Macron a de plus décidé d’exploiter le caractère ouvert du terrain libanais pour afficher des positions politiques sur la région, il s’est ainsi exprimé sans honte aucune à deux reprises lors de la conférence qu’il a animée à l’Ecole Supérieure des Affaires (ESA) sur la campagne internationale Boycott Désinvestissement Sanctions (BDS) et déclaré qu’il ne lui reconnaissait ni justification ni légitimité. Il a rappelé la décision de la France en 2015 de criminaliser le boycott de l’entité sioniste et affirmé : « il est hors de question de revenir sur cette décision ». Le candidat à la présidentielle, qui avait brandi le slogan « La paix et l’humanité » dans sa campagne électorale, a développé sa position sur le conflit arabo-israélien et déclaré, à partir de la terre libanaise qui est toujours en guerre contre l’ennemi sioniste, qu’il était « contre la reconnaissance par la France de l’Etat palestinien en l’absence d’un accord de paix entre les deux parties ». Il a également indiqué qu’il était « contre l’exercice de la moindre pression sur Israël ». Ces propos ont été rapportés par le média israélien I24 et certains médias français. Macron ne veut pas reconnaître la Palestine, refuse de reconnaître le droit de boycotter économiquement et académiquement l’entité, et rejette toute pression à son égard.

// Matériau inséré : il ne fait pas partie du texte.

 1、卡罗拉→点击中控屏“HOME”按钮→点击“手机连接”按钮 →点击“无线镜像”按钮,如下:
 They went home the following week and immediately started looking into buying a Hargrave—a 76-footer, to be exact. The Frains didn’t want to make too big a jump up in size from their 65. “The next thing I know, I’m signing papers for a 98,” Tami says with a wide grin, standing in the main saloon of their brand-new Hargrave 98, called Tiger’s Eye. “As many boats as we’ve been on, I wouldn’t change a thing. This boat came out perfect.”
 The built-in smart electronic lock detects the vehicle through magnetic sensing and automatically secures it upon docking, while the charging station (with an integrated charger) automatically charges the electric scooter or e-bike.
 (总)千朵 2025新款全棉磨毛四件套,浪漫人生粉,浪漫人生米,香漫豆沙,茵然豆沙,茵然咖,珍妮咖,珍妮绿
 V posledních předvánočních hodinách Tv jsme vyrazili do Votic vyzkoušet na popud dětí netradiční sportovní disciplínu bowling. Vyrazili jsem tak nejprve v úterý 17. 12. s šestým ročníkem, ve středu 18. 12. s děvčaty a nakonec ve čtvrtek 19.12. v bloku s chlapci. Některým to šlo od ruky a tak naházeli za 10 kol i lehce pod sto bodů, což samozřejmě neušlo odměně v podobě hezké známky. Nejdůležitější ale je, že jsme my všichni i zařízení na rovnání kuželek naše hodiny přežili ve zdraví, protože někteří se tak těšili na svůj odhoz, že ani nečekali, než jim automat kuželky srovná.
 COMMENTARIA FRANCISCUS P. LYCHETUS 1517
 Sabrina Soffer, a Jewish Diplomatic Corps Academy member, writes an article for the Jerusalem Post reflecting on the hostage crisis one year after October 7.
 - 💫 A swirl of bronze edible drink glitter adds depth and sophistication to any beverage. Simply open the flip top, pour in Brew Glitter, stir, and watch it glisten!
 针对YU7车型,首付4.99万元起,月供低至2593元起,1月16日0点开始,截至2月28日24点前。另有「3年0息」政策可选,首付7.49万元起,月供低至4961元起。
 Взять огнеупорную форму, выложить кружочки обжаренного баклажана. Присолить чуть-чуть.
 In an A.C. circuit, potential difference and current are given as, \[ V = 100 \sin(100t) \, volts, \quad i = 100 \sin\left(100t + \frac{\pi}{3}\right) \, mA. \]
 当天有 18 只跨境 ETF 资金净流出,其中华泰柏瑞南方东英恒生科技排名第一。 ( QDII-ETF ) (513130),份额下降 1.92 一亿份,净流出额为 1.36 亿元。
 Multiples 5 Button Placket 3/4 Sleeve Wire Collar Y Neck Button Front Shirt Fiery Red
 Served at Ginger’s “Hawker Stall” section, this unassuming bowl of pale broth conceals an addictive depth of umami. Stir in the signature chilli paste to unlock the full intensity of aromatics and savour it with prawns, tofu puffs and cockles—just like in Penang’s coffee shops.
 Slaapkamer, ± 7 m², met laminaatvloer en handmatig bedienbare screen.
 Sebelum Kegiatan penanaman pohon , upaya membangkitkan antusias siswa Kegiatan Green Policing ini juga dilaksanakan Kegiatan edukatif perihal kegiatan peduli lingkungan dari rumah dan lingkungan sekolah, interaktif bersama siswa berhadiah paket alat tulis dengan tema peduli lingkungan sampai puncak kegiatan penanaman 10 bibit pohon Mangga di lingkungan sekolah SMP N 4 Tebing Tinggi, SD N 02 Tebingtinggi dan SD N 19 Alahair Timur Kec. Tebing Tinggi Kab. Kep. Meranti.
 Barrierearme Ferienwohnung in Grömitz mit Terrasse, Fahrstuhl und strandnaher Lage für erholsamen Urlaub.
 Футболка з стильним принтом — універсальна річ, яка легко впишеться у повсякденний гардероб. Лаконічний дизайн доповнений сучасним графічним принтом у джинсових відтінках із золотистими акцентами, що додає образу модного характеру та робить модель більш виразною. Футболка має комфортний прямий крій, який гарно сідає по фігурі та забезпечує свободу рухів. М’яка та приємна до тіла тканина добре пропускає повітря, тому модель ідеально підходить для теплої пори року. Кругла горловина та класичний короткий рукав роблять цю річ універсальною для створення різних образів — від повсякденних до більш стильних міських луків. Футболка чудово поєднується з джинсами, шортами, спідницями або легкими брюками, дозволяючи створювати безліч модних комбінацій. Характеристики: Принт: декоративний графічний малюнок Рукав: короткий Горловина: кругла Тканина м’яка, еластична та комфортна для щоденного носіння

Le candidat à la présidentielle française a sans aucun doute des considérations électorales à prendre en compte, mais on peut se demander à qui incombe la responsabilité de lui permettre de faire de telles déclarations publiques et officielles dans un pays qui continue aujourd’hui à payer le prix de l’occupation israélienne avec le sang de ses enfants.
Emmanuel Macron, votre outrecuidance n’est ni bien vue ni bienvenue chez nous.